Give again, character for character, the lines that lie between the first line of the material and the line with "Обои староместская площадь, пражские", inclusive. Omit pictures.

── Source material ──

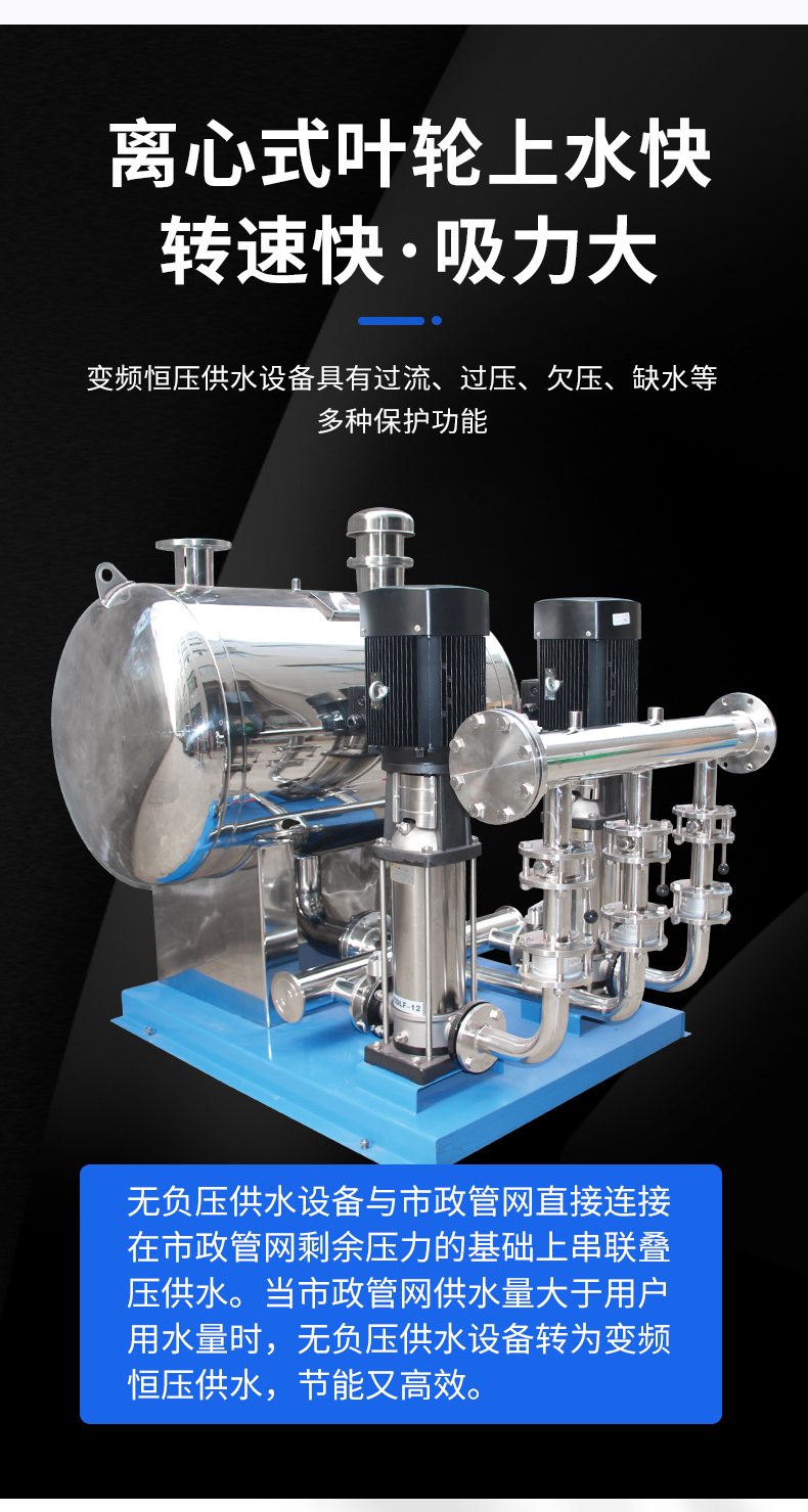 保護(hù)功能全:主機(jī)采用的進(jìn)口變頻調(diào)速器自身具備多種強(qiáng)大的保護(hù)功能,如欠壓、過壓、過流、過載、短路、過熱、失速防止等,其無故障運(yùn)用時(shí)間可達(dá) 10 萬(wàn)小時(shí)以上。此外,設(shè)備的配電控制部分采用智能化控制原理,操作方便實(shí)用,設(shè)備工作狀況一目了然,便于非專業(yè)人員快速熟悉和掌握。即使在設(shè)備出現(xiàn)局部故障時(shí),也能啟用應(yīng)急功能繼續(xù)供水,保障用戶的基本用水需求,大大提高了供水系統(tǒng)的可靠性和穩(wěn)定性。
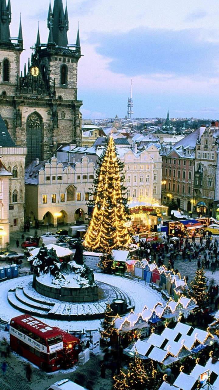 Обои староместская площадь, пражские астрономические часы, Рождественский рынок, ориентир, город для HD Samsung Galaxy S3/J3/J4/J5, Meizu M5, Sony Xperia L1/L2, заставка, 720x1280 картинка
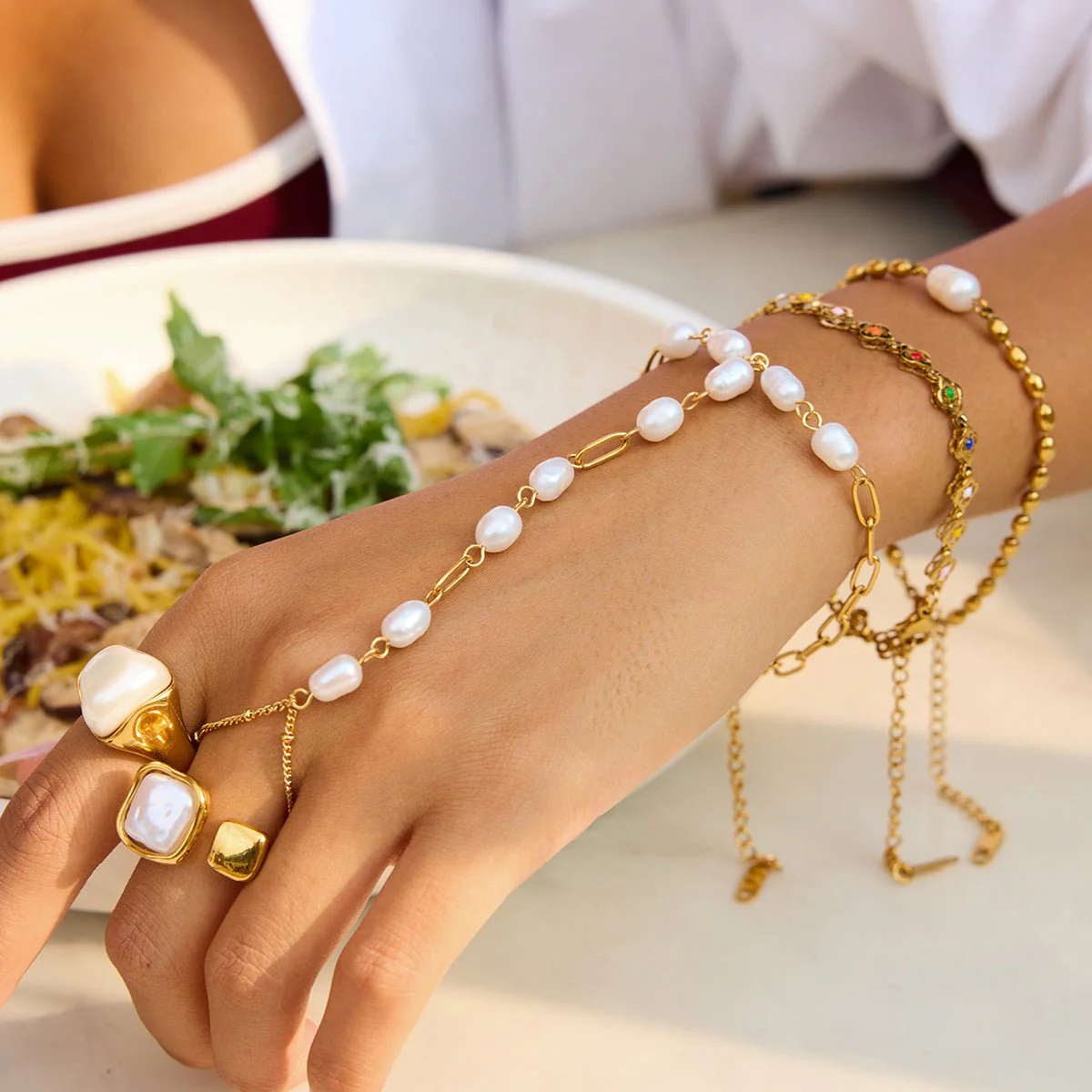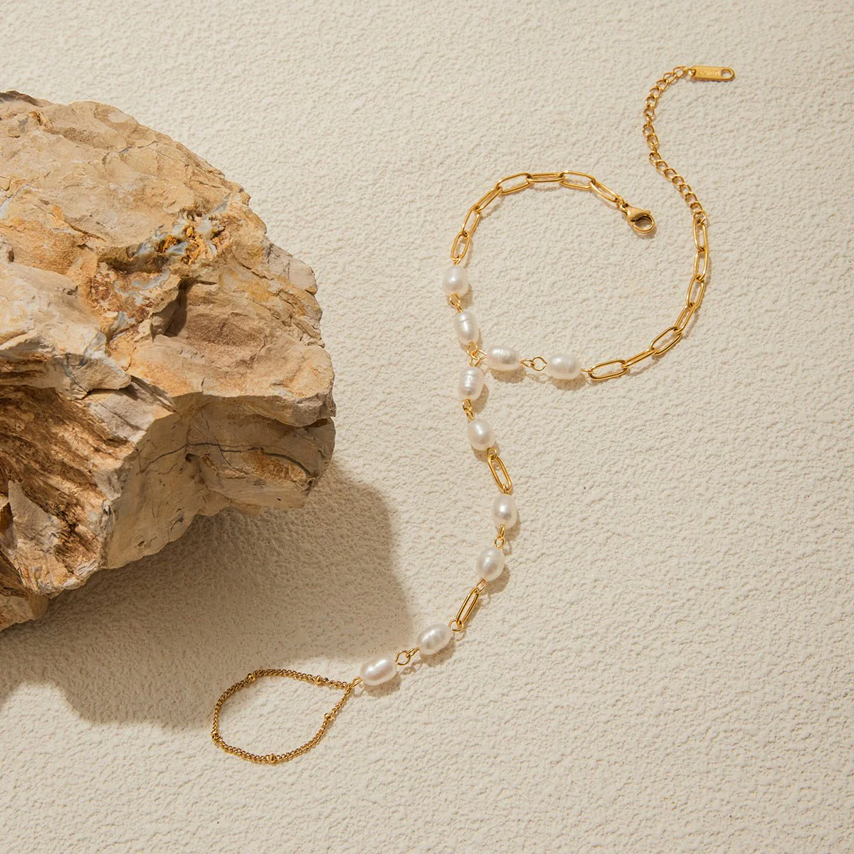 Les perles, aux formes irrégulières, apportent une beauté authentique et vivante, contrastant merveilleusement avec l’éclat chaleureux de l’or. Ce bracelet de main est pensé pour magnifier vos gestes et attirer le regard, qu’il s’agisse d’une sortie en journée ou d’un dîner plus habillé. Son fermoir réglable assure un ajustement parfait pour un confort absolu.

───

» **Exercise output**:
 保護(hù)功能全:主機(jī)采用的進(jìn)口變頻調(diào)速器自身具備多種強(qiáng)大的保護(hù)功能,如欠壓、過壓、過流、過載、短路、過熱、失速防止等,其無故障運(yùn)用時(shí)間可達(dá) 10 萬(wàn)小時(shí)以上。此外,設(shè)備的配電控制部分采用智能化控制原理,操作方便實(shí)用,設(shè)備工作狀況一目了然,便于非專業(yè)人員快速熟悉和掌握。即使在設(shè)備出現(xiàn)局部故障時(shí),也能啟用應(yīng)急功能繼續(xù)供水,保障用戶的基本用水需求,大大提高了供水系統(tǒng)的可靠性和穩(wěn)定性。
 Обои староместская площадь, пражские астрономические часы, Рождественский рынок, ориентир, город для HD Samsung Galaxy S3/J3/J4/J5, Meizu M5, Sony Xperia L1/L2, заставка, 720x1280 картинка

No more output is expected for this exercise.